What the task requires => Line by line, retype the material exactly and leave each picture out.

Segment Start: Collected data

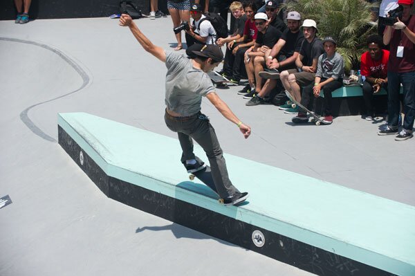 Ryan Spencer's frontside 180 fakie 5-0's on the bank to ledge were looking so good.
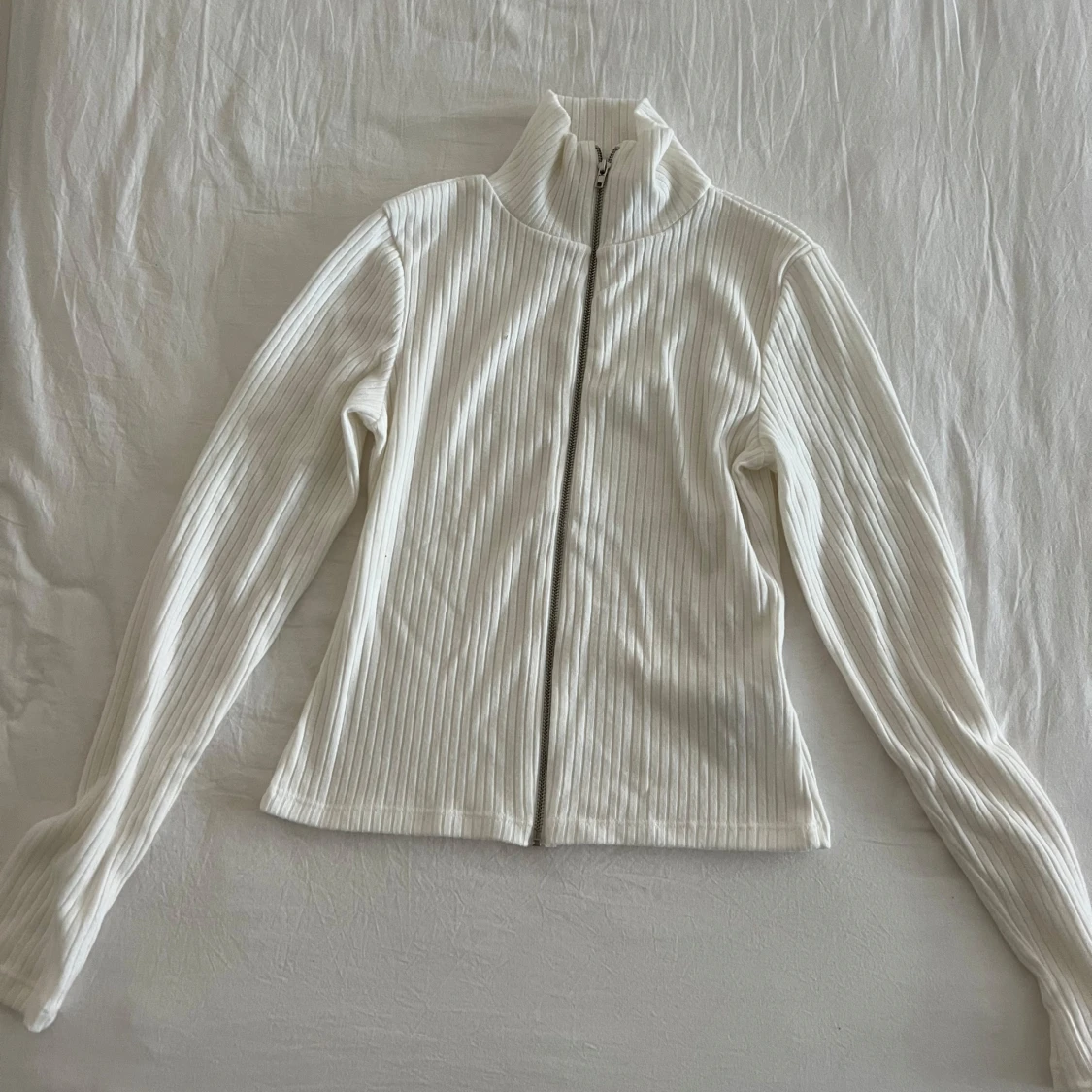 Säljer en stilren vit ribbad kofta med dragkedja. Koftan har en hög krage och långa ärmar, perfekt för en minimalistisk look. Passar bra till både jeans och kjol. Perfekt för vår och höst!
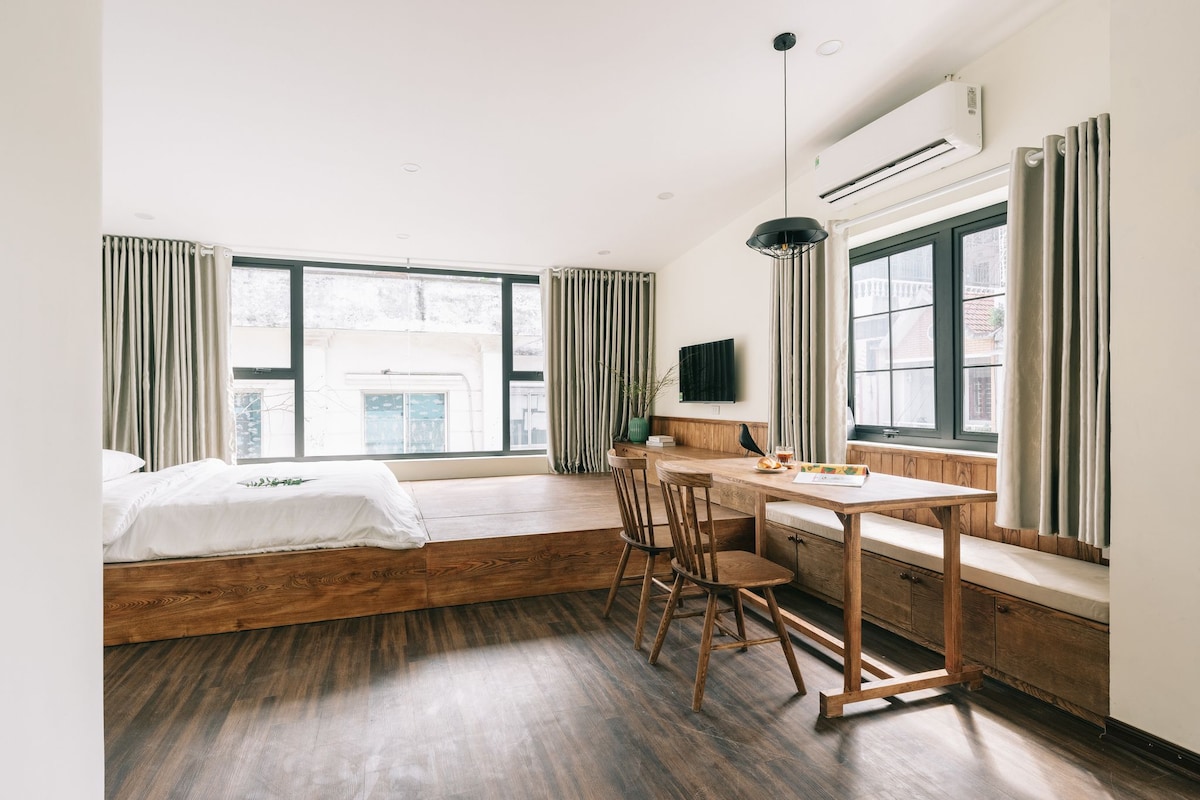 This cozy, clean and spacious studio is 30m2 with 01 bedroom, 01 small kitchen, 01 laptop work space, and 01 attached private bathroom, located in a small alley, only 50m to the main road. It boasts 2 big windows so the rooms are most naturally bright and airy. The studio is an ideal choice for groups of 1 – 2 people. It is in a central location with local neighborhood, very close to big lakes, parks, bus stops, supermarkets, restaurants…, and especially just 3km from Hanoi’s Old Quarter.
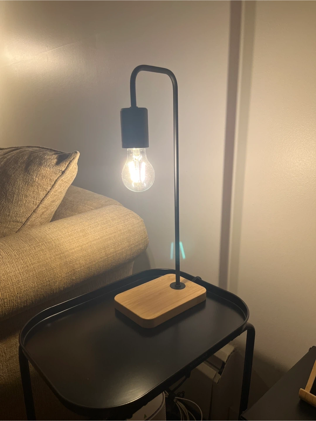 Selling 2 modern table lamp with a sleek black finish and a wooden base. It's in great condition and adds a stylish touch to any room. Perfect for a bedside table or desk!

Segment End: Collected data

Exercise response =>
 Ryan Spencer's frontside 180 fakie 5-0's on the bank to ledge were looking so good.
 Säljer en stilren vit ribbad kofta med dragkedja. Koftan har en hög krage och långa ärmar, perfekt för en minimalistisk look. Passar bra till både jeans och kjol. Perfekt för vår och höst!
 This cozy, clean and spacious studio is 30m2 with 01 bedroom, 01 small kitchen, 01 laptop work space, and 01 attached private bathroom, located in a small alley, only 50m to the main road. It boasts 2 big windows so the rooms are most naturally bright and airy. The studio is an ideal choice for groups of 1 – 2 people. It is in a central location with local neighborhood, very close to big lakes, parks, bus stops, supermarkets, restaurants…, and especially just 3km from Hanoi’s Old Quarter.
 Selling 2 modern table lamp with a sleek black finish and a wooden base. It's in great condition and adds a stylish touch to any room. Perfect for a bedside table or desk!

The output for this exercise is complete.